Immediately establishing a viable antiemetic and bowel regimen at the onset of treatment is crucial, because, as noted in the drug’s prescribing information, 76% of participants experienced some degree of nausea (any grade) and 46% had abdominal pain/distention (any grade).6 Treatment with a proton pump inhibitor and probiotic is important, as is understanding the cause of the gastrointestinal issues. Making the patient aware that many types of antiemetics are available enables them to have a sense of control and choice. A referral to an oncology-certified dietitian may also be a practical benefit to the patient going forward.
Constipation and diarrhea should be addressed immediately with either polyethylene glycol or loperamide, respectively, and it is important to establish what the patient means when they complain of loose stool or being constipated.
At the onset of treatment, nurses should establish baseline levels for fatigue and energy and employ various management strategies; supplemental B vitamins may be initiated, if needed.
As with the use of any PARP inhibitor, blood counts should be monitored scrupulously. In the ARIEL3 trial, thrombocytopenia (any grade) was reported in 28% of patients treated with rucaparib, but grade 3/4 thrombocytopenia was observed in only 5% of patients; this adverse event was reversible with dose interruption or dose reductions as recommended in the drug’s prescribing information.5,6 Liver function tests and serum creatinine levels should also be monitored regularly for the duration of treatment with rucaparib. In ARIEL3, elevated transaminases were noted to be transient, self-limiting, and not associated with abnormal increases in bilirubin or other criteria for drug-induced hepatotoxicity.
Initiating education and a dialogue as early as possible is key to success with our patients and their caregivers, and although PARP inhibitors require a novel management approach, they afford our patients a sense of control as well as independence from being tethered to a chemotherapy regimen.
- Benigno BM. The Ultimate Guide to Ovarian Cancer: Everything You Need to Know About Diagnosis, Treatment, and Research. 2nd ed.
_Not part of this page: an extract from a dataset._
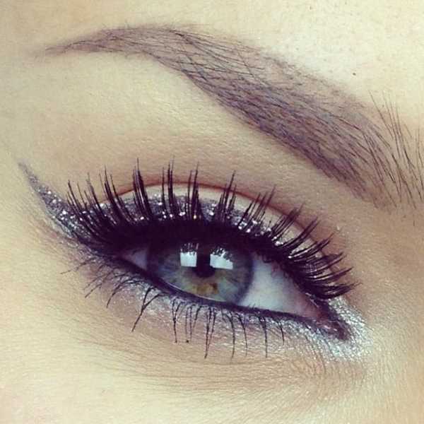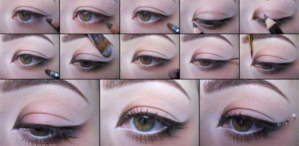 Шаг 3: прорисовка стрелок. Подводку для макияжа используем чёрную или тёмно-коричневую, серая в таком мейкапе потеряется. С её помощью рисуем классические стрелки от внутреннего уголка глаза ко внешнему, постепенно увеличивая ширину, и заканчиваем длинным эстетичным хвостиком, загнутым вверх.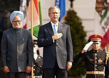 美國總統布什(中)在華盛頓舉行儀式歡迎印度總理辛格(左)的到訪。[法新社照片]

Atlanta, GA: Sherryben Publishing; 2016.
- Hanker LC, Loibl S, Burchardi N, et al; on behalf of the AGO and GINECO Study Group. The impact of second to sixth line therapy on survival of relapsed ovarian cancer after primary taxane/platinum-based therapy. Ann Oncol. 2012;23:2605-2612.
- Dunton CJ. Management of treatment-related toxicity in advanced ovarian cancer. Oncologist. 2002;7(Suppl 5):11-19.
- Aghajanian C, Blank SV, Goff BA, et al. OCEANS: a randomized, double-blind, placebo-controlled phase III trial of chemotherapy with or without bevacizumab in patients with platinum-sensitive recurrent epithelial ovarian, primary peritoneal, or fallopian tube cancer. J Clin Oncol. 2012;30:2039-2045.
- Coleman RL, Oza AM, Lorusso D, et al. Rucaparib maintenance treatment for recurrent ovarian carcinoma after response to platinum therapy (ARIEL3): a randomised, double-blind, placebo-controlled, phase 3 trial. Lancet. 2017;390:1949-1961.
- Rubraca® (rucaparib) [prescribing information]. Boulder, CO: Clovis Oncology, Inc; 2018.